Но у меня уже стало складываться очень стойкое мнение о поэте Хеймонене, который ходил в кабак, чтобы плакать, а в церковь, чтобы спать, и который всегда был несчастен и счастлив одновременно. Хотя я знала его много лет, я только теперь заметила, что глаза у него косые. Может быть, это происходило оттого, что в последнее время он стал оглядываться на свою жизнь, которая шла вкривь и вкось? Ему давно бы следовало выбирать себе очки посильнее, а напитки послабее.

Мой бывший заведующий рекламой начал трястись ровной мелкой дрожью и, лишь заметив это, почувствовал страх. Но ведь неприлично бояться женщины, которой уже стукнуло пятьдесят, тем более если она сама по собственному почину отказалась от неблагодарной роли свинарки. Поэт еще раз попытался начать разведку:

— Госпожа экономическая советница, неужели вы действительно не хотите помочь мне?

— Не хочу, — ответила я. — В течение месяца я выписала вам три чека — последний только позавчера, — уплатила в полицию штраф после того, как вас задержали в нетрезвом виде, уплатила за вас налоги, квартирную плату и по двум счетам из ресторанов. Ревизоры Фонда считают такое расходование средств преступным.

Поэт утвердительно кивнул головой и признал свое крушение: да, разумеется, его поведение преступно. А если доведенному до отчаяния преступнику дать в руки веревку, он удавит ею первого попавшегося кассира или продаст ее какому-нибудь другому несчастному, которому жизнь надоела.

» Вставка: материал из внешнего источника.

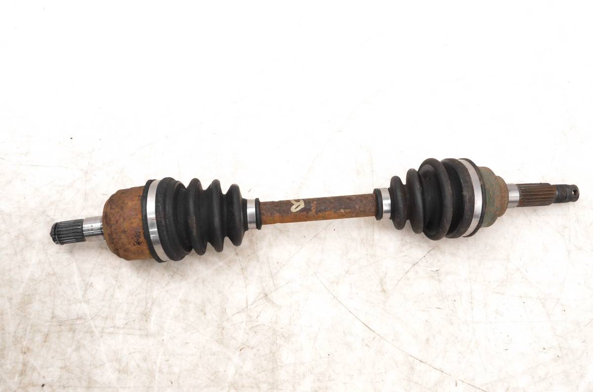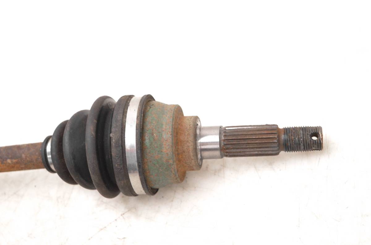 Axle is in good condition. Splines and threads are straight, boots are not ripped. Comes as pictured. Was removed from a running 1999 Kawasaki Prairie 400 4x4 KVF400.

— Госпожа советница, не можете ли вы лично дать мне взаймы тысчонки две? — отважился спросить он и посмотрел на свои башмаки, давно требовавшие ремонта.

«Лично я?» Меня удивило, что бывший заведующий рекламой не знает устава моего Фонда. Неужели он, в самом деле, думал, что я поставлена здесь для того, чтобы проматывать общественные средства?

— Сейчас я не дам вам ни одной марки, — сказала я весьма сурово.

— Я обязательно верну, как только получу от издателя.

— Прошлый раз вы сказали, что издатель вас вышвырнул.

— Это я фигурально выразился. Я всегда пользуюсь метафорой и аллегорией.

— А я предпочитаю выражаться просто и ясно. Вспомогательные беллетристические приемы здесь ни к чему. Вы получаете от государства писательскую пенсию, и, однако, вы кругом в долгах!

— Это верно. Пенсия слишком мала. Очень дорого стоит содержать три семьи…

— Кто же вам велел менять жен так часто?

— Но ведь у меня всего-навсего четвертая…

— И у каждой куча детей! Постыдились бы! Свобода творчества не в том, чтобы художник жил, как свинья, не принося даже той пользы, какую приносит это животное. Вас, видимо, ошибки ничему не научили.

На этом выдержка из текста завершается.